Ipotesi «Macro», il museo di arte contemporanea, per Vittorio Sgarbi. È una delle poltrone possibili per l'ex assessore alla Cultura di Milano, che oggi incontrerà Gianni Alemanno, per «parlare del mio eventuale incarico a Roma», come dice lui stesso. D Macro è una delle ipotesi, perché il sovrintendente Danilo Eccher è uno dei 31 dirigenti del Campidoglio che sono stati «dimessi» in quanto esterni e decaduti con l'arrivo del nuovo sindaco: quindi è libera. Ma a me «piacerebbe un assessorato al centro storico - ha ieri affermato Vittorio Sgarbi - E l'esperienza di Milano mi è servita per sapere come comportarmi con Alemanno». Comunque «preferisco un incarico da consulente piuttosto che da assessore - ha anche aggiunto il critico d'arte - poiché non avendo presentato nessuna lista alle elezioni, non posso avere un ruolo politico diretto». Gianni Alemanno ha, del resto, idee diverse dall'assessorato al centro storico: «Vittorio Sgarbi sarà coinvolto sul versante della conservazione dei beni culturali - ha detto ieri - in questo ambito lo ritengo una delle migliori mentì, e il suo contributo ci aiuterà a realizzare un rilancio di questo settore che, a mio avviso, presenta un bilancio non molto positivo», n sindaco non prenderà sull'argomento indicazioni da Letizia Moratti che ha «licenziato» Sgarbi: incontrerà il critico prima del sindaco di Milano, con cui ha in programma un appuntamento nel pomeriggio. Né Letizia Moratti ha intenzione di darne: «Non mi permetto di dare né consigli, né avvertimenti», sono le parole con cui il sindaco milanese ha troncato l'argomento.
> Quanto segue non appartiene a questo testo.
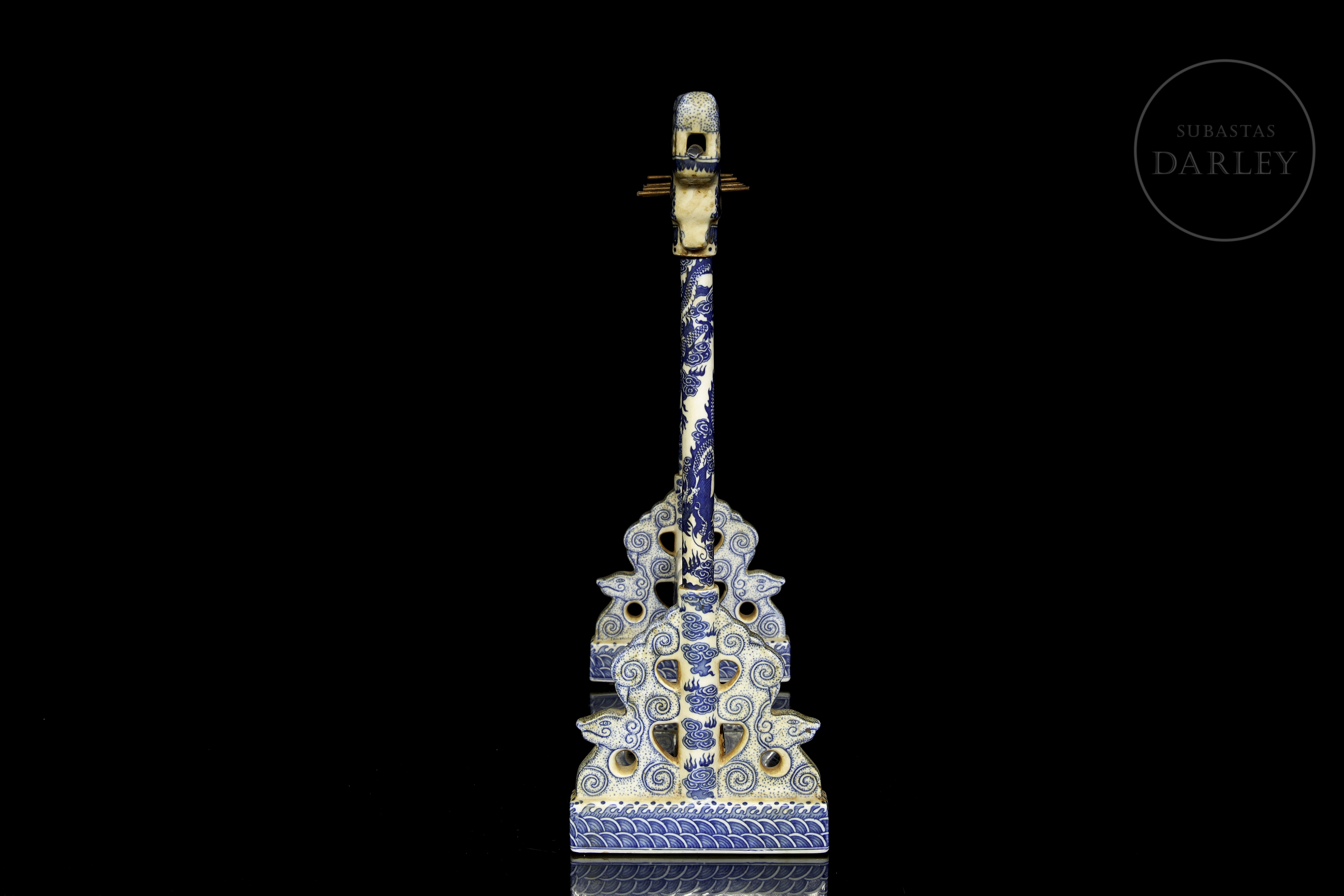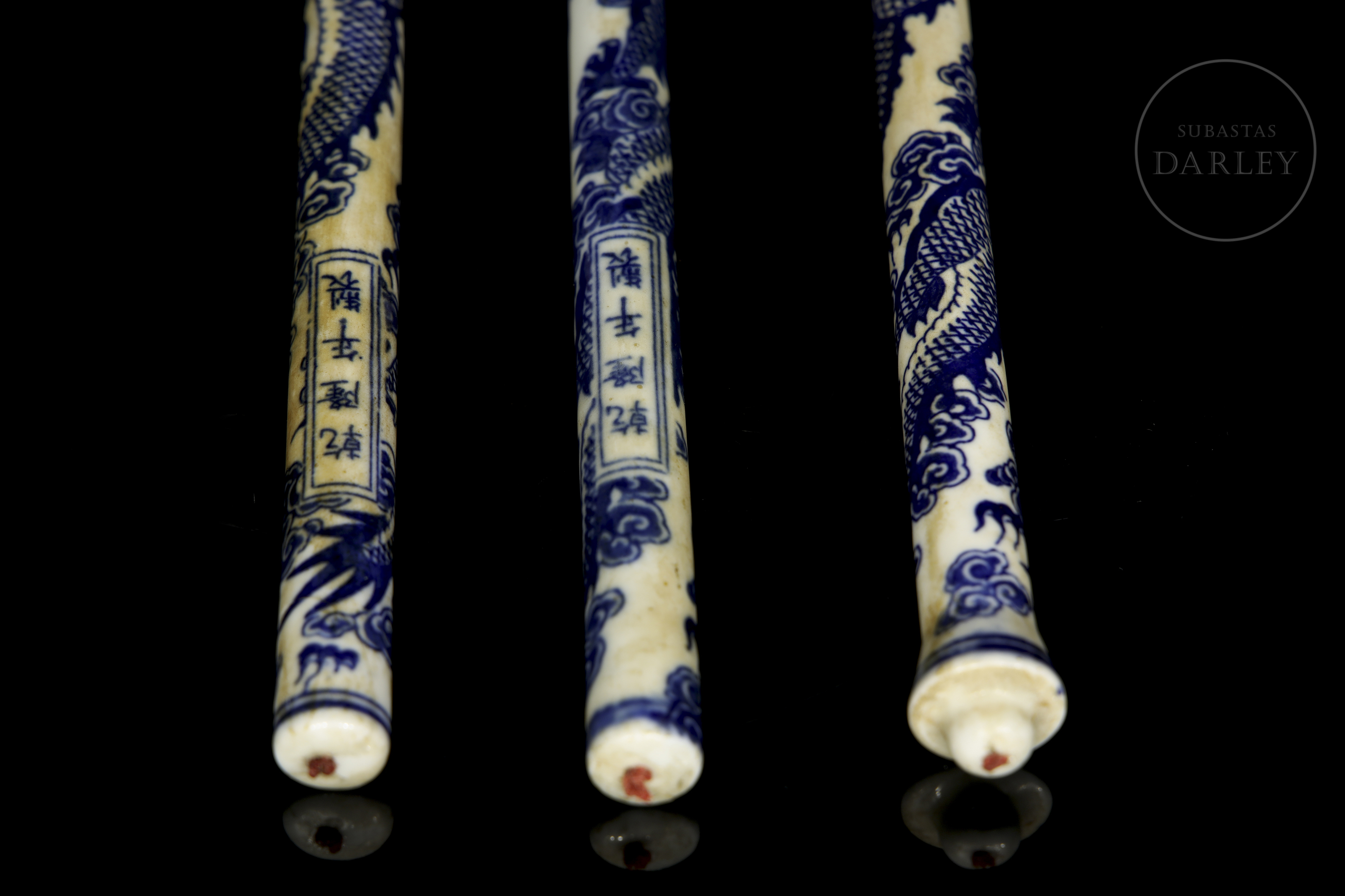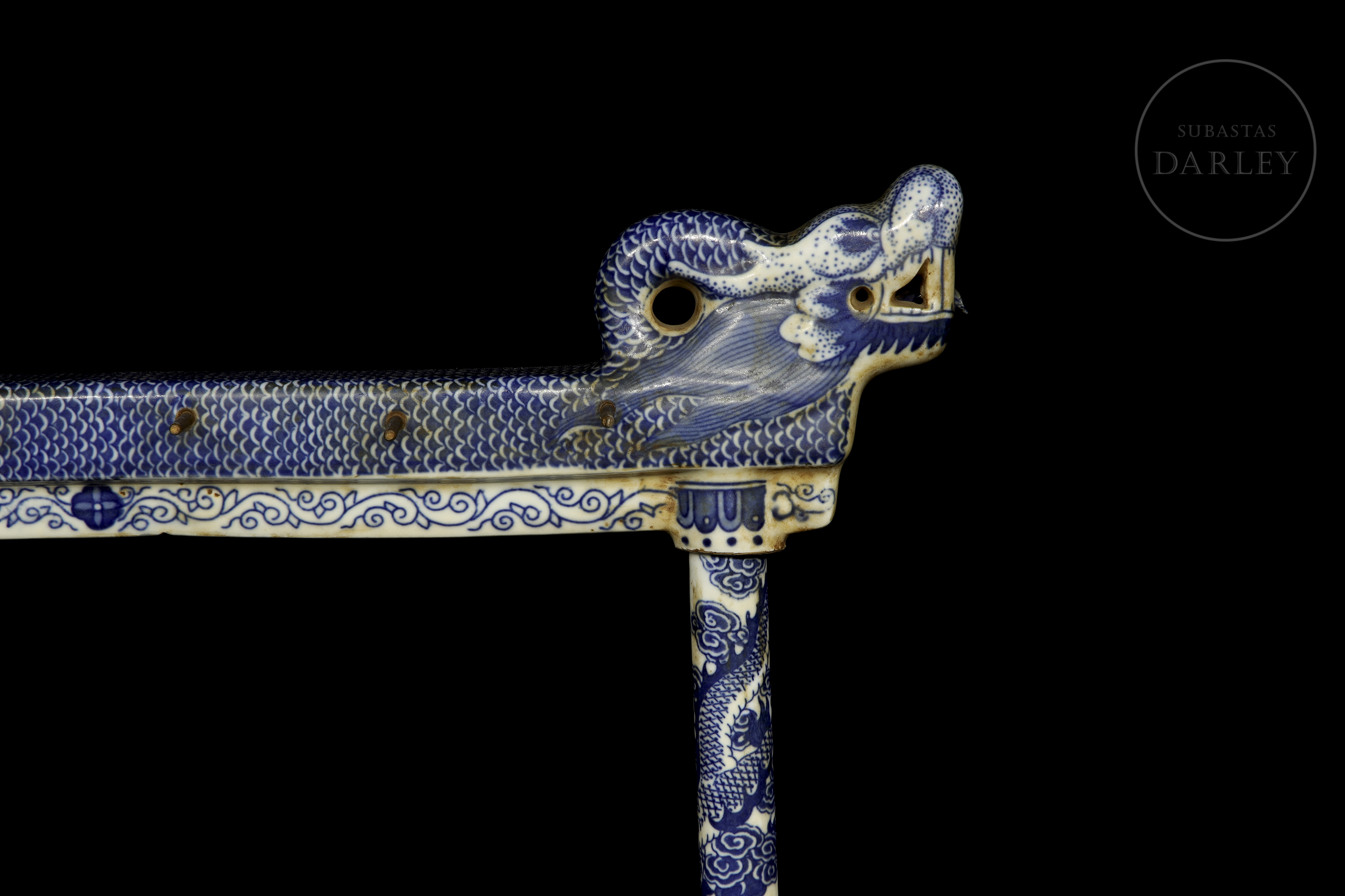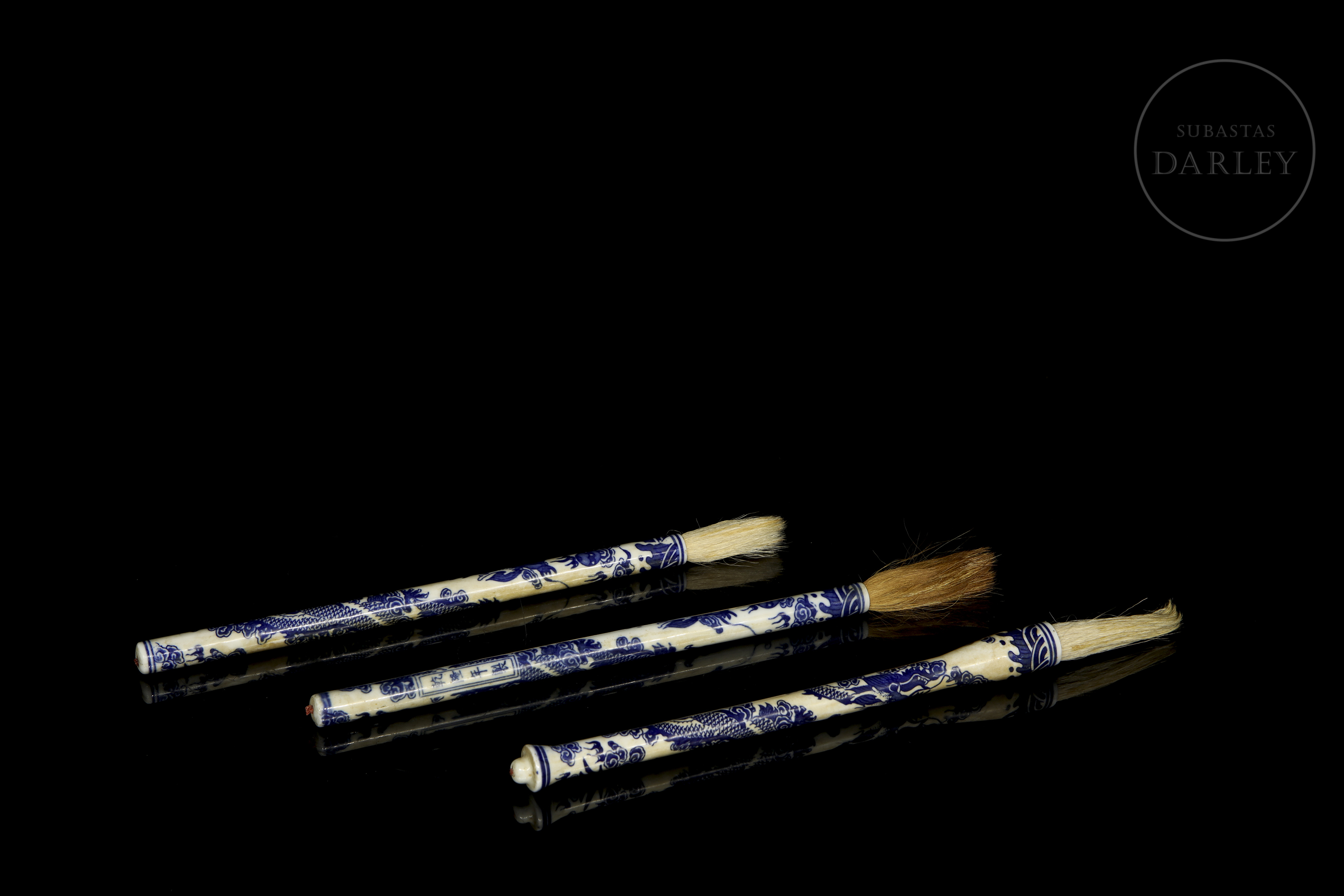Porcelain stand decorated in underglaze blue and white with large dragons chasing flaming pearls. It stands on two rectangular feet and has an elongated structure consisting of two thin columns and two cross-beams with indentations to support the brushes. It is accompanied by three ceramic brushes with the same type of decoration on the handle.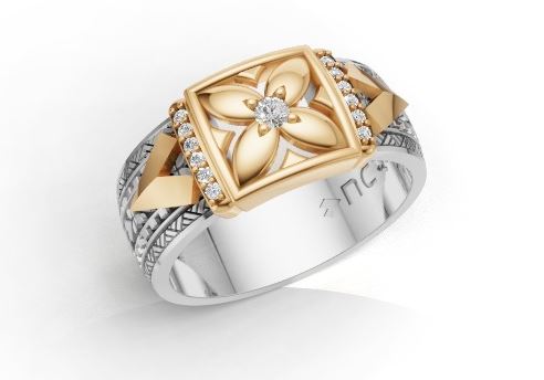 This ring has an 8.5mm wide band and at its widest point, is just under 10mm wide. The band is made from 925 Silver and the top features the contrast of 9ct yellow gold set with high grade Lab grown diamonds. This ring also has a matching mens band - NC5165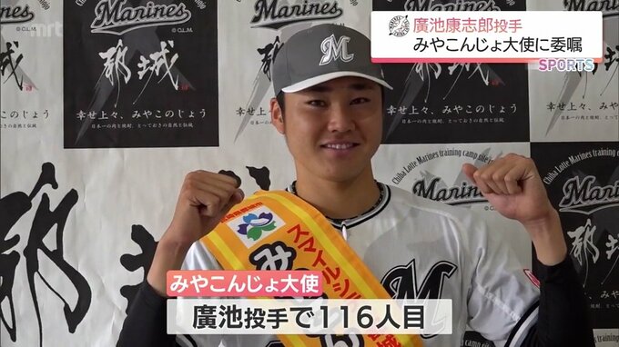 現在、宮崎県都城市で秋季キャンプを行っている千葉ロッテマリーンズのルーキーで、都城農業高校出身の廣池康志郎投手が、市の魅力を発信する「みやこんじょ大使」に委嘱されました。10日は、キャンプ地の都城運動…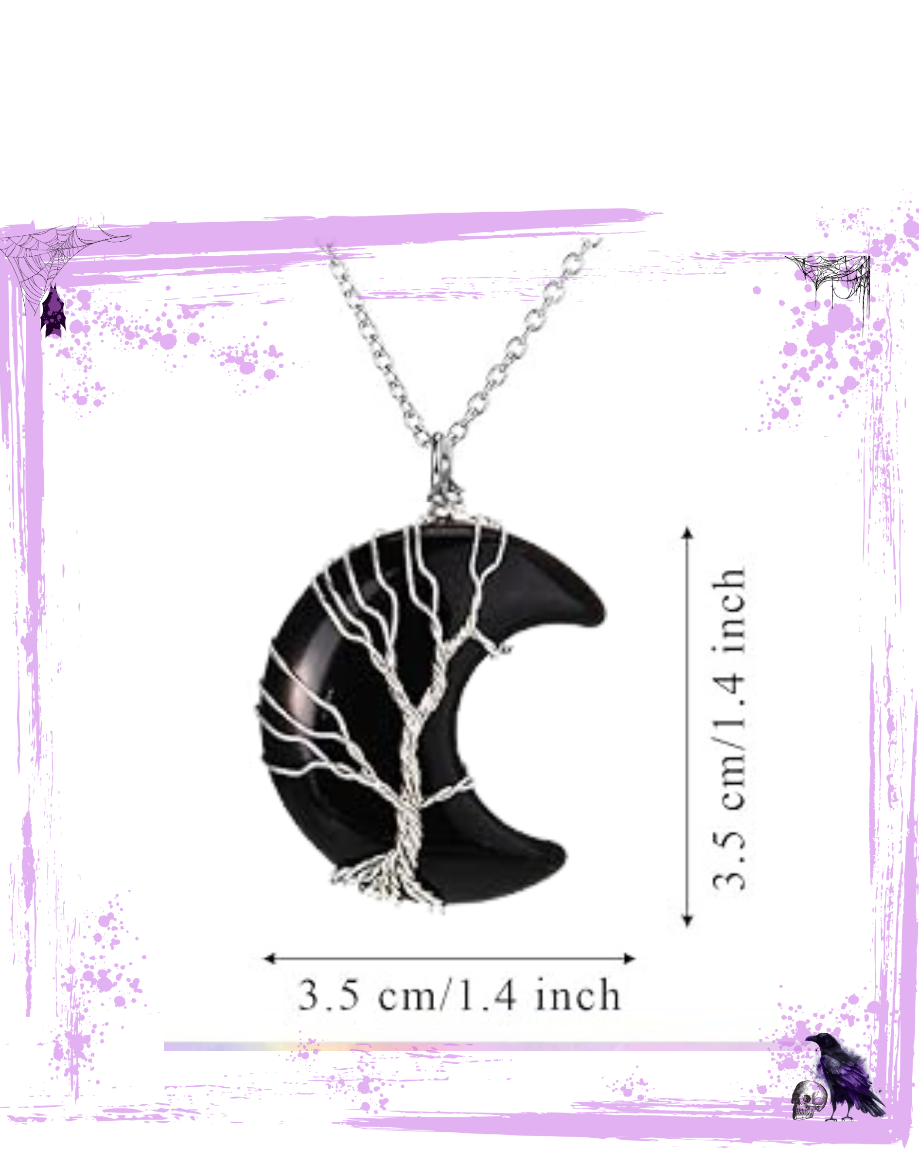 Embrace the balance of nature and mystique with this Obsidian Moon Necklace, artfully encased in a delicate tree of life wire housing. The protective strength of obsidian combined with the symbolic branches of life creates a meaningful accessory that inspires grounding and growth. Perfect for those seeking both style and spiritual connection, this necklace adds a unique touch to any outfit while serving as a reminder of resilience and renewal.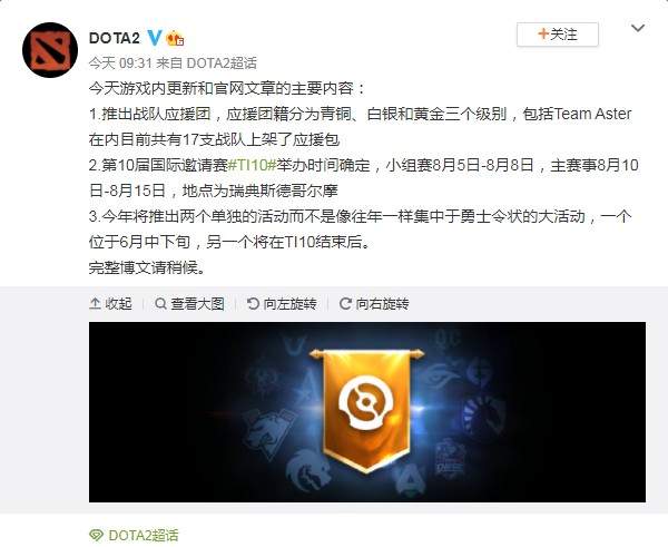 除此之外,官方还提到近期游戏内更新内容的信息,一是战队应援团功能,应援团籍分为青铜、白银和黄金三个级别,包括TeamAster在内目前共有17支战队上架了应援包。二是今年将推出两个单独的活动而不是像往年一样集中于勇士令状的大活动,一个位于6月中下旬,另一个将在TI10结束后。
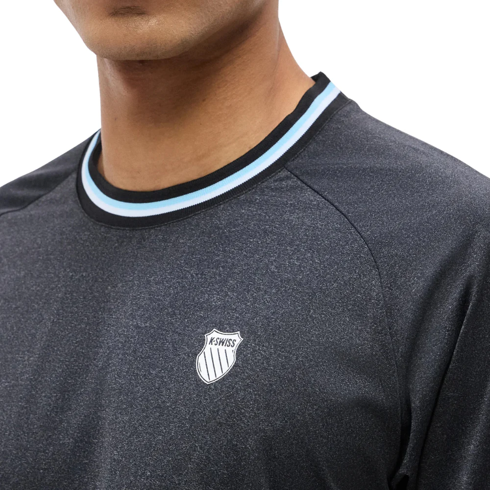 K-Swiss présente le t-shirt Hypercourt Mélange Crew, un modèle pensé pour les joueurs qui exigent confort, fiabilité et durabilité, même lors des sessions les plus engagées.

Chi si risente è invece Enzo Foschi, del Pd, vicepresidente della commissione Cultura alla Regione: «Che Roma possa su un tema così rilevante come la cultura - ha detto - prendere gli scarti di Milano, proprio non si può accettare».
Roma - Per Sgarbi spunta l'ipotesi Macro
Vittorio Sgarbi, ex assessore alla Cultura di Milano, incontrerà Gianni Alemanno, sindaco di Roma, per discutere dell'eventuale incarico come consulente per il centro storico di Roma. Sgarbi ha espresso interesse per l'incarico e ha affermato di avere un'esperienza utile per il ruolo, avendo lavorato con Alemanno a Milano. Tuttavia, Sgarbi ha anche espresso la sua preferenza per un ruolo di consulente piuttosto che di assessore, poiché non ha presentato liste alle elezioni. Alemanno ha invece espresso l'intenzione di coinvolgere Sgarbi nel settore della conservazione dei beni culturali.